“那配偶为什么总是凶我?这几天还躲我?”

殷辞撇开眼,嘟囔道:“你管我……”

“我喜欢殷辞。”煤球看着他,黑溜溜的眼睛里满是认真。

“蛤?”殷辞猛然睁大了眼,愣了好一会儿,才嗤笑一声:“你一头兽,懂什么是喜欢?别开玩笑了。”

煤球继续道:“我喜欢殷辞。”

似乎没有听到想听的答案就会一直说下去的样子,“只是想早日变成人形,和配偶更亲密一些,有什么错?”

又是长久的沉默。

“我喜欢殷辞。
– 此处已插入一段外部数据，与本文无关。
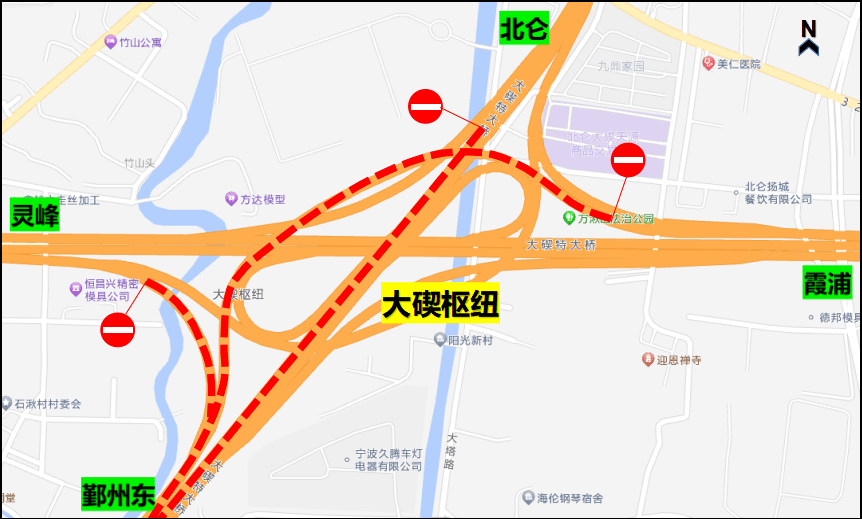 施工(gōng)期間(jiān),甬台溫高(gāo)速甯波方向大α©¶ (dà)碶樞紐主線分(fēn)流,S20♠✔γ穿山(shān)疏港高(gāo)速大(dà)碶£$ 樞紐雙向轉甯波方向匝道(dào)關閉,鄞州東 ™¥$(dōng)收費(fèi)站(zhàn)甯波方向進口關閉,北(běi≥↓)侖方向車(chē)輛(liàng)正常₹ε通(tōng)行(xíng)。

”

煤球继续重复了几遍,见殷辞一直不说话,黑溜溜的眼睛眨了两下,又道:“我还是童贞。”

“老子也是童贞!”殷辞被他气得爆了粗口。

两人光着屁屁,在汤池里互相瞪着对方。

殷辞烦躁地撩了一把头发,道:“那……那什么……你会壁咚吗?我看话本子里,表达喜欢,都,都会做这个动作。”

这回轮到煤球不说话了。

殷辞冷笑一声,双手环在胸前:“怎么?连壁咚都不会,还敢说你喜欢我?可笑。”

“我会。”煤球反驳道。

壁咚?他大概知道是怎么做了。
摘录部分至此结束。